In this article, we focus on the latter. We take the root server system as a use case and highlight the challenges operators and researchers face when monitoring highly distributed DNS deployments from the outside. We also present recommendations on building a monitoring system that is more reliable and that captures only the relevant metrics.

Distributing DNS nameservers

The DNS is a prime example of a decentralized and distributed system. For example, it is a decentralized system in that SIDN is responsible for .nl, Verisign is responsible for .com, and you, the reader, are responsible for your own domain names. It is also a distributed system because each of those operators uses a geographically dispersed set of authoritative nameservers to provide information about their part of the namespace.
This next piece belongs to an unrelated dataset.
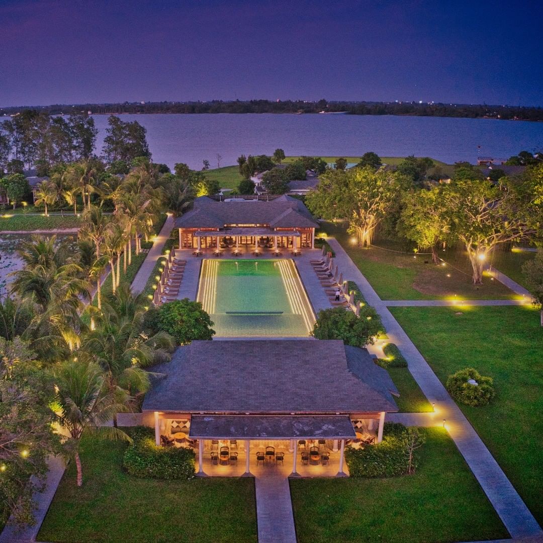 Khu resort hiện đại được thiết kế gần gũi với thiên nhiên, không gian xanh thanh bình hiếm có. Quanh toàn bộ khu nghỉ dưỡng là những vườn cây xanh mát, thoáng đãng, tạo không khí dễ chịu ngay khi bạn đặt chân tới nơi đây. Đặc biệt, với vị trí giữa cồn đảo, bao quanh là dòng sông Hậu nên Azerai Resort Cần Thơ lúc nào cũng mát mẻ, bình yên.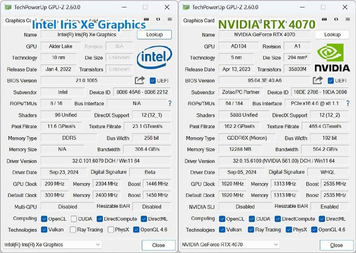 外接显卡主要是提升迷你电脑的显卡性能,从而提升整机的游戏、生产力等应用体验。零刻GTi12 Ultrra搭载第12代英特尔酷睿i9-12900H处理器,核显是Intel Iris Xe Graphics eligible,外接显卡是索泰RTX 4070 AMP AIRO SPIDERMAN,参数方面的对比在这里就不再过多赘述了,大家可以参考下面这组图。

Probably the most distributed and decentralized service in the DNS is the root zone. The root server system comprises 13 different nameservers, operated by 12 different organizations, all reachable via IPv4 and IPv6. ‘Under the hood’, the nameservers consist of more than 1,900 ‘sites’ (physical or virtual machines) located in networks all over the world. The root server operators accomplish that by using a technique called ‘anycast’. The Internet’s routing protocol, Border Gateway Protocol (BGP), makes sure that queries to each root server are sent to the site that is topologically closest to the machine sending the request in terms of network distance.

The root server system provides information about all authoritative nameservers for Top-Level Domains (TLDs), such as .nl, and also acts as a trust anchor for DNS security extensions (DNSSEC). And, even though a resolver will send relatively few queries to the root servers during a day, the unlikely event of a large-scale outage of the root servers will ultimately have consequences for the reachability of all domain names globally.

The need for external DNS monitoring

Monitoring a group of distributed DNS servers from within (endogenous monitoring) is relatively straightforward and makes use of metrics of both individual server instances and the system as a whole. Basic examples are CPU and memory use, the number of queries received per second, and the serial number of the zone currently being served. More advanced metrics include whether resolvers reach their nearest anycast sites, and the time it takes for requests to reach the nameserver.

However, by relying on internal monitoring only, operators might overlook how their clients experience the service. In the DNS, monitoring from the outside (exogenous monitoring), using vantage points (VPs) that mimic real clients, provides valuable insights. For example, it can reveal problems on the network path towards a nameserver, help during operational changes, and reveal if third parties are trying to meddle with the information the nameserver is providing.

Finally, external monitoring enables others to monitor public DNS services independently. That is where the root servers come into the picture again. As described above, the root server system plays an important role in the DNS. It is, therefore, in the Internet community’s interest that the root servers are available and performing correctly at all times. Today, the only standard operational data for the root server system is the RSSAC002 data, which root server operators provide voluntarily. The ICANN Root Server System Advisory Committee (RSSAC) developed RSSAC047 for use by a future root server system governance body under which root server operators may need to meet contractual obligations for performance, availability, and quality of service.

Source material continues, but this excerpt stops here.